Snow Village Sketches Explained

Snow Village Sketches, aka Soconyland Sketches, was a comedy-drama radio series broadcast on three different networks from 1928 to 1946.

Beginning February 29, 1928, on NBC, Socony Oil sponsored Soconyland Sketches, scripted by William Ford Manley (1896-1954). The series featured Arthur Allen and Parker Fennelly as rural New England farmers. Socony continued to sponsor the show when it moved to CBS on October 16, 1934, and was retitled Snow Village Sketches. It continued on CBS until May 21, 1935.

Loose Wiles Biscuit was the sponsor for a run on NBC from October 3, 1936, to June 26, 1937, broadcast on Saturday evenings. During the early years of World War II, Procter & Gamble sponsored the series as a weekday quarter-hour serial, airing from December 28, 1942, to November 12, 1943. The final series was heard on Sunday mornings on the Mutual Broadcasting System from January 13 to June 16, 1946.

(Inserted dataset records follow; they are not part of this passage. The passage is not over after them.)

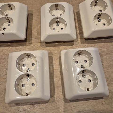 Stikkontakter ELKO dobbel innfelt. Kjøpt og montert men var ikke like som de andre i huset så byttet etter 2-3 måneder. Selges helst samlet. Sendes viss kjøper betaler porto. Pris er pr stk.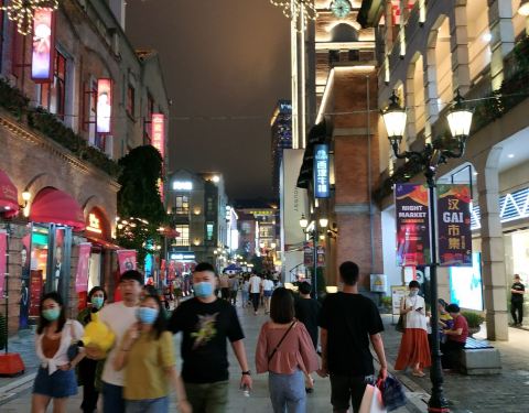 终于又看到人头攒动的景象,那个熟悉的汉街回来了。灯光五彩斑斓,人声此起彼伏,大舞台演艺正酣,各色门面广迎各方客人,一派生机盎然的景象。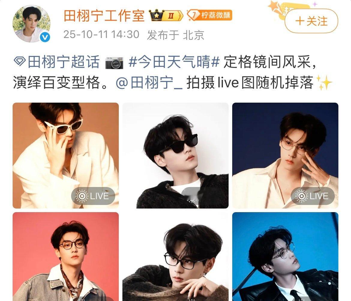 田栩宁拍摄live照 田栩宁live照太绝!镜间定格灵动瞬间,每帧都在演绎百变型格魅力!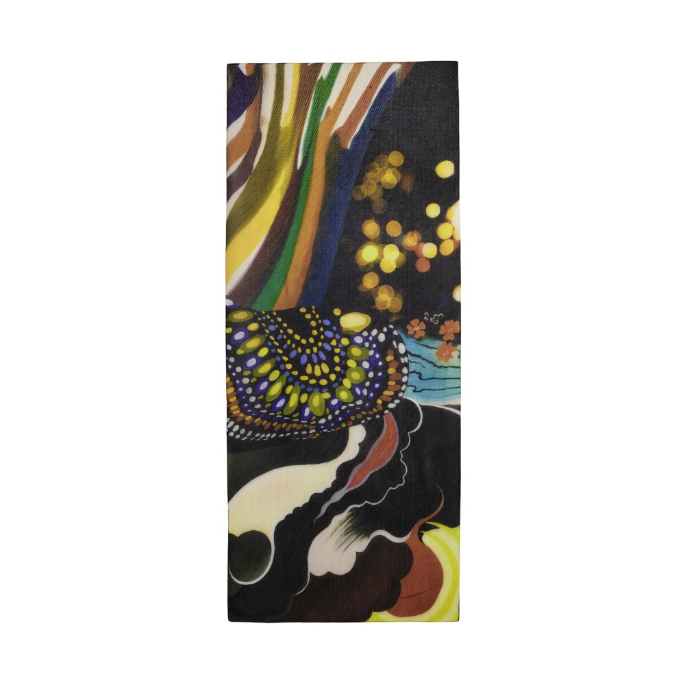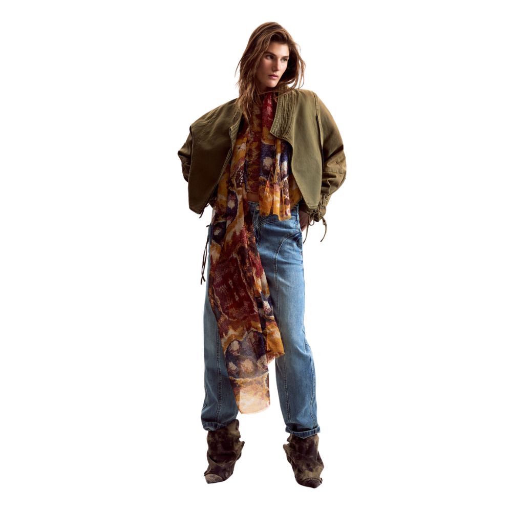 Ce foulard combine style graphique et confort, apportant une touche moderne et colorée à vos looks.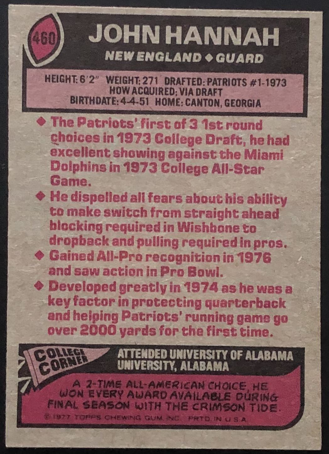 Card #460 NFL, football, vintage, hall of fame

The stories took place in the small New Hampshire community of Snow Village where truant officer Hiram Neville (Parker Fennelly), a man of old-fashioned values, often encountered game warden Dan'l Dickey (Arthur Allen) and Dan'l's wife, Hattie Dickey (Agnes Young, Kate McComb).[1]

Scripter Manley lived in Snowville, New Hampshire, named after the Snow family who had operated a sawmill there in 1825. In the mid-1930s, because of the radio program, Snowville temporarily changed its name to Snow Village.